Spin-dimer ground state driven by consecutive charge and orbital ordering transitions in the anionic mixed-valence compound Rb₄O₆

Recently, a Verwey-type transition in the mixed-valence alkali sesquioxide Cs₄O₆ was deduced from the charge ordering of molecular peroxide O²⁻ ₂ and superoxide O⁻ ₂ anions accompanied by the structural transformation and a dramatic change in electronic conductivity [Adler et al., Sci. Adv. 4, eaap7581 (2018)]. Here, we report that in the sister compound Rb₄O₆, a similar Verwey-type charge ordering transition is strongly linked to O⁻ ₂ orbital and spin dynamics.
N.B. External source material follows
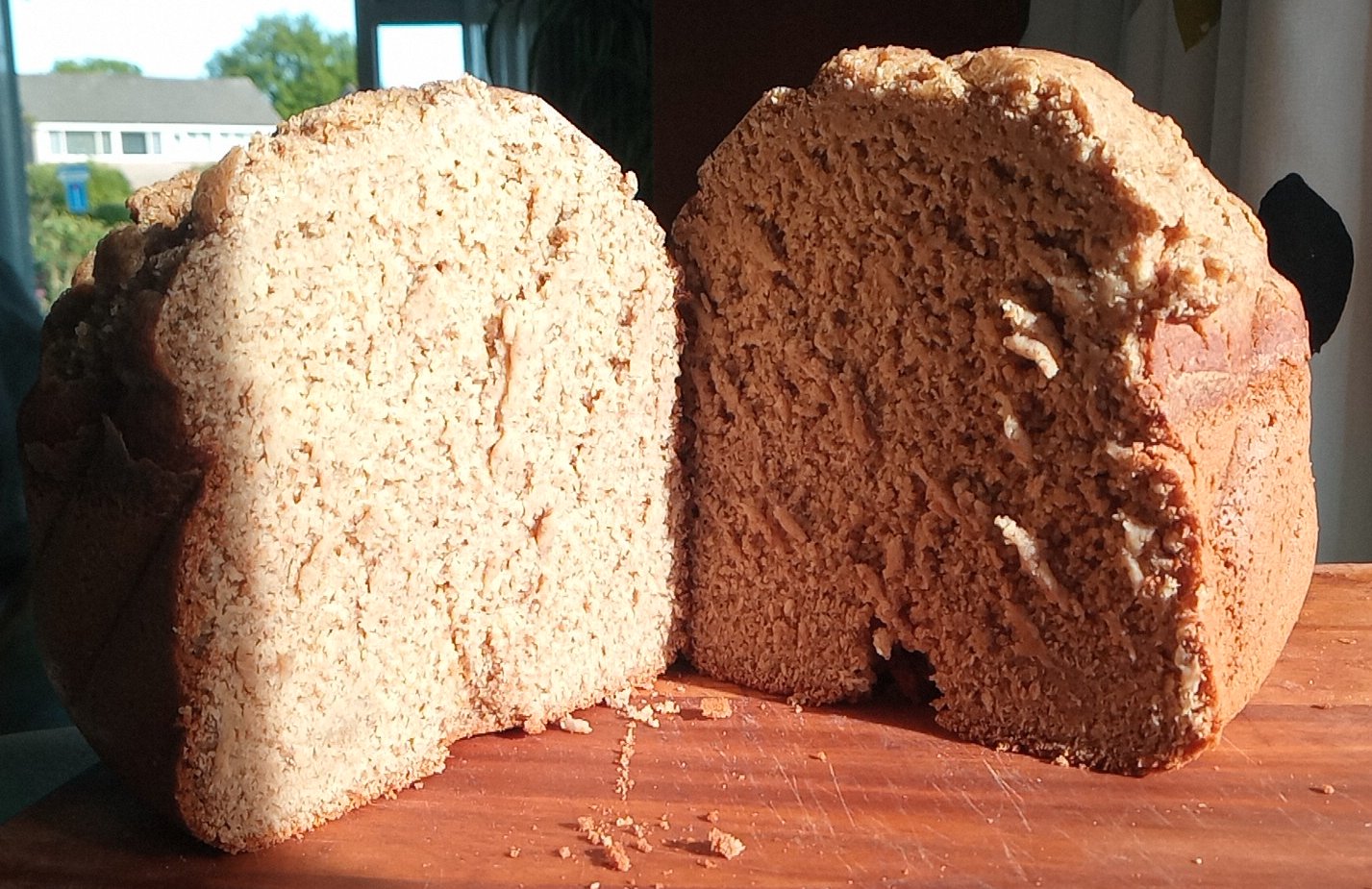 En nu zonder gist maar met baksoda en karnemelk.Dirk Jan schreef: zo 03 apr 2022, 18:56 Dan hier ook mijn brood. Gistbrood, dat wel. 150 gr havemeelr, 150 gr speltmeel, 250 gr rijstmeel, 50 gr boekweitmeel, 4 gram zout, 2 gram gist en 600 gram water. In de broodmacine op stand Basis voor brood van 800 gram, en Mid qua korst. Na 3 uur komt dit er uit.

On cooling, a powder neutron diffraction experiment reveals a charge ordering and a cubic-to-tetragonal transition at T_CO = 290 K, which is followed by a further structural instability at T_s = 92 K that involves an additional reorientation of magnetic O⁻ ₂ anions. Magnetic resonance techniques supported by density functional theory computations suggest the emergence of a peculiar type of π*-orbital ordering of the magnetically active O⁻ ₂ units, which promotes the formation of a quantum spin state composed of weakly coupled spin dimers. These results reveal that as in 3d transition-metal compounds, also in the π* open-shell alkali sesquioxides the interplay between Jahn-Teller-like electron-lattice coupling and Kugel-Khomskii-type superexchange determines the nature of orbital ordering and the magnetic ground state.